#### ASSIGNED TASK:
Every line below is to be copied exactly, with the pictures left out.

======== TASK INPUTS ========

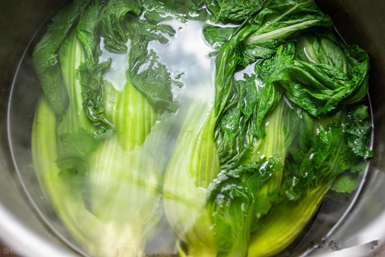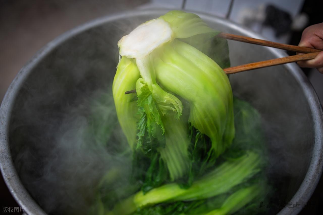 接着,找一口不沾过油的锅,比如专门煮粥的锅,往锅里面装入大半锅的水,大火煮开。水煮开之后开成中火,并把晾晒过的芥菜叶子放到开水中烫一下,菜叶被烫得翠绿之后马上捞出来沥干。待全部芥菜叶都被烫过一遍之后,就关火放凉那些烫菜水。
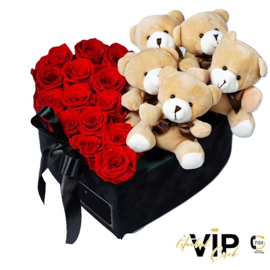 15 ADET KIRMIZI GÜLLER VE 5 ADET SEVİMLİ AYICIKTAN TASARLANMIŞ KALP KUTU
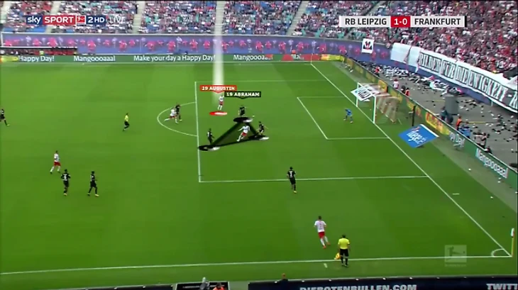 *первый гол «РБ» – пока Тимо Вернер собирает вокург себя хороводы, Огюстен осваивает гектар свободного пространства и ждет
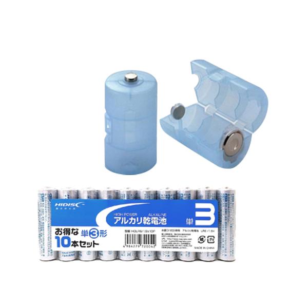 スマイルキッズ 単3が単1になる電池アダプターBL + アルカリ乾電池 単3形10本パックセット ADC310BL+HDLR6/1.5V10P
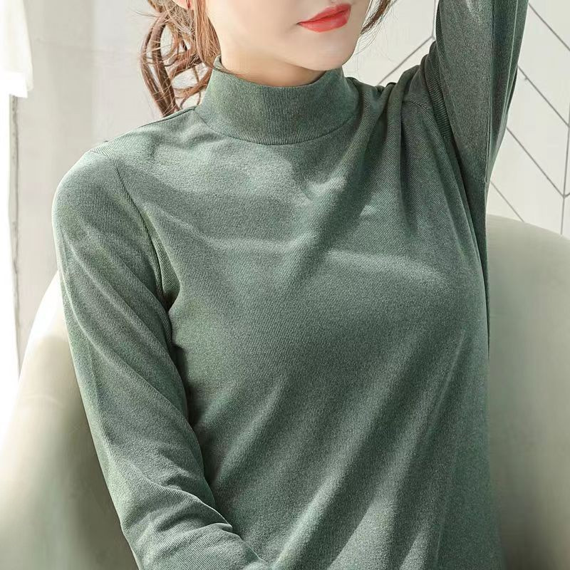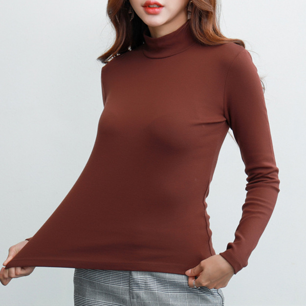 Double-sided velvet warm bottoming shirt women's autumn and winter solid color top South Korea women's clothing fleece-lined slim T-shirt long sleeve women's clothing

========

#### EXPECTED ANSWER:
 接着,找一口不沾过油的锅,比如专门煮粥的锅,往锅里面装入大半锅的水,大火煮开。水煮开之后开成中火,并把晾晒过的芥菜叶子放到开水中烫一下,菜叶被烫得翠绿之后马上捞出来沥干。待全部芥菜叶都被烫过一遍之后,就关火放凉那些烫菜水。
 15 ADET KIRMIZI GÜLLER VE 5 ADET SEVİMLİ AYICIKTAN TASARLANMIŞ KALP KUTU
 *первый гол «РБ» – пока Тимо Вернер собирает вокург себя хороводы, Огюстен осваивает гектар свободного пространства и ждет
 スマイルキッズ 単3が単1になる電池アダプターBL + アルカリ乾電池 単3形10本パックセット ADC310BL+HDLR6/1.5V10P
 Double-sided velvet warm bottoming shirt women's autumn and winter solid color top South Korea women's clothing fleece-lined slim T-shirt long sleeve women's clothing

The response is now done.